1.) Reparations only apply to male descendants
2.) Any male who wishes to apply for these reparations may do so through the Agriculture Department, with a promise to farm for at least three years. The land would be rented for three years at 6% interest with a balloon due at the end of three years.
3.) Any male identified as eligible for reparations may elect to receive the going rate of acreage at the time of wrongdoing (1860-1864) instead of farming. A check for $40, less applicable taxes, would be issued.
4.) Open the program up to females also with same terms.

Also, if reparations are decided to be paid for the past atrocities, all other "reparations-like" programs administered by the government shall be abolished now that the wrong has been righted. There shall be no other future recourse upon ratifying legislation.

Black folks tried to get their 40 acres and a mule, but it was awfully hard when they had no money, and when all of the stores that might have sold them seed and supplies on credit refused as a matter of racist principle.

Read a history book sometime.  It's all there.
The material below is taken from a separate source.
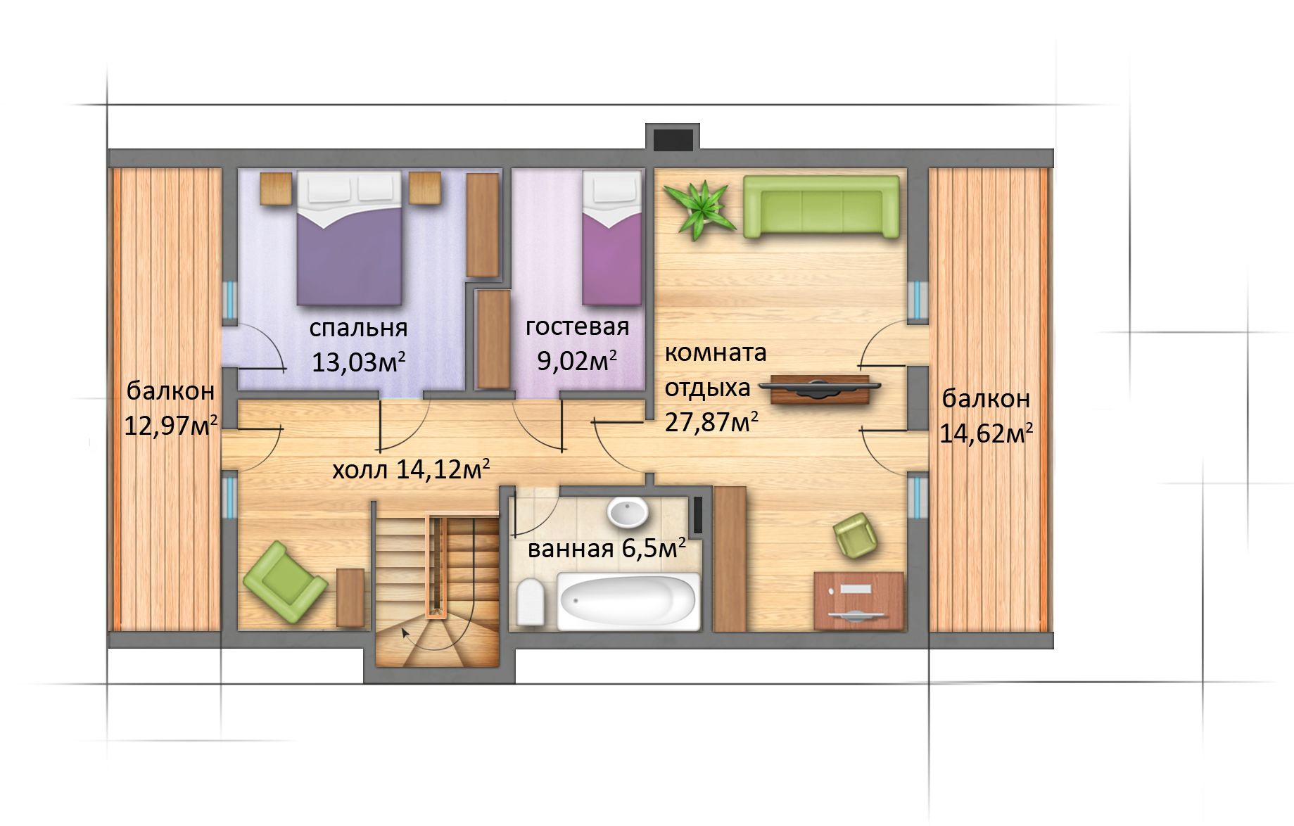 Второй этаж представлен спальной комнатой 13.03 м² с выходом на балкон 12.97 м², гостевой 9.02 м², ванной комнатой 6.5 м² и объемной комнатой отдыха 27.87 м² с выходом на второй балкон 14.62 м², а также лестничным холлом 14.12 м².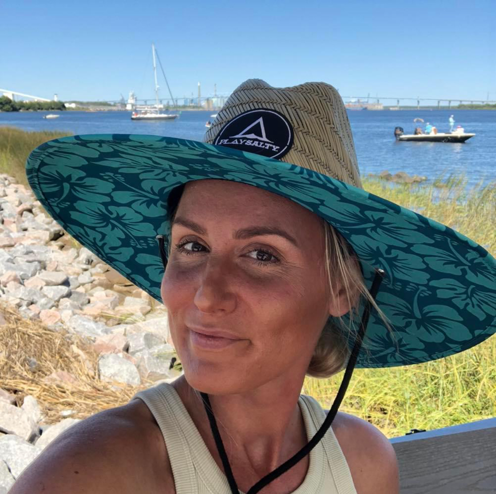 TEAL HIBISCUS Lifeguard Straw Hat

(06-29-2019, 12:09 PM)flsprtsgod Wrote:
(06-29-2019, 11:52 AM)rollerjag Wrote: That's a pathetic distortion. There was substantial opposition to the practice of slavery in the 18th and 19th centuries. It was in no way a universally accepted practice.

I am bashing slavery, Jim Crow and institutional discrimination. They were perpetuated by Americans.

"Were" is the key word. You should be more concerned about the new form of slavery the Democrats created that we are still seeing now.

Taxation isn't slavery, homeslice.
My fellow southpaw Mark Brunell will probably always be my favorite Jaguar.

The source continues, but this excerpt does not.